I just saw that the lady in the picture has today made exactly five years in prison. She is called Victoire Ingabire, dressed in a female prisoners costume and with her hair forcefully shaved.
A Rwandan citizen who returned to her country in 2010 to participate in the presidential elections against Mr. Paul Kagame.
Essentially, her crime was to mention during a Genocide Memorial ceremony, that a large number of Hutu’s were also killed in the 1994 Rwanda conflict, a conflict that is commonly known as a Genocide specifically against the Tutsi.
Clearly there exists a state dogma in Rwanda that can’t tolerate the view that Hutu’s also died in large numbers during the 1994 Genocide.
Earlier this year, a Rwandan general was arrested in England and was about to be deported to Spain for a trial that could have exposed exactly what Mrs. Victoire Ingabire was discussing: The mass killing of Hutu’s as well in 1994.
Somehow the general was later set free before facing trial, thanks to Cherie Blair, wife to Former British Prime Minister Tony Blaire, who was the leading lawyer in the Rwanda government legal team.
Other reports have since indicated that the trial the Rwandan General was supposed to face in Spain has also been shelved.
A shocking development happened after Mrs. Ingabire’s appealed her initial eight year sentence.
The Supreme court issued their final verdict to that appeal on the very day that Nelson Mandela was being laid to rest in his ancestral village, and literally at the very time Rwanda’s Paul Kagame was being interviewed in Qunu, South Africa by the BBC about why African leaders should emulate Madiba.
Rather than reduce Ingabire’s sentence on appeal, Mr. Kagame’s Supreme court increased her detention from 8 to 15 years on that very day.
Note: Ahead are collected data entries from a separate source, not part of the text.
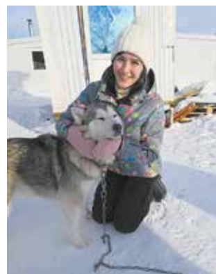
Четвероногие питомцы — одни из тех, кому присмотр нужен постоянно

морально тяжело. Но ты находишь силы, берёшь себя в руки, понимаешь, что сейчас всё зависит от тебя, и идёшь дальше.
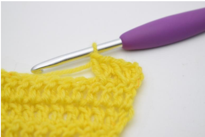
9. Comme ceci.
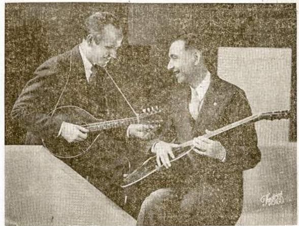
MAC & BOB
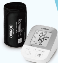
藍牙電子血壓計3名
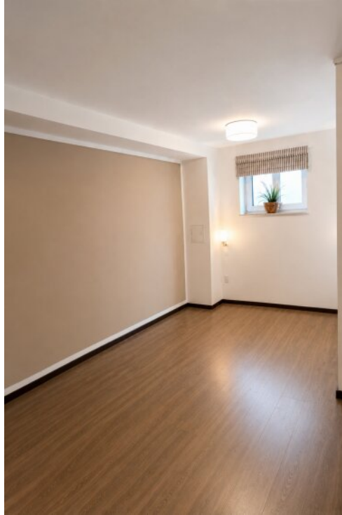
Schlafzimmer / Hobbyraum UG
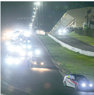
A prova à noite superou todas as expectativas

It was disheartening to watch Mr. Kagame discuss forgiveness, tolerance, patience and unity as the qualities that Mandela left behind for us to learn from, yet he was simultaneously increasing the punishment for his political opponent back home in Rwanda.
I thought that people could agree to disagree on certain issues, but unite on all the others that develop their nation.
There are many things I admire about Mr. Paul Kagame. Including fostering constructive discipline within the civil service, women emancipation, Information Technology popularization, broader economic development, fighting disease and his overall determination to see Rwanda succeed.
But the day Nelson Mandela was being laid to rest, is the day I found myself watching the true intolerant Paul Kagame in Qunu.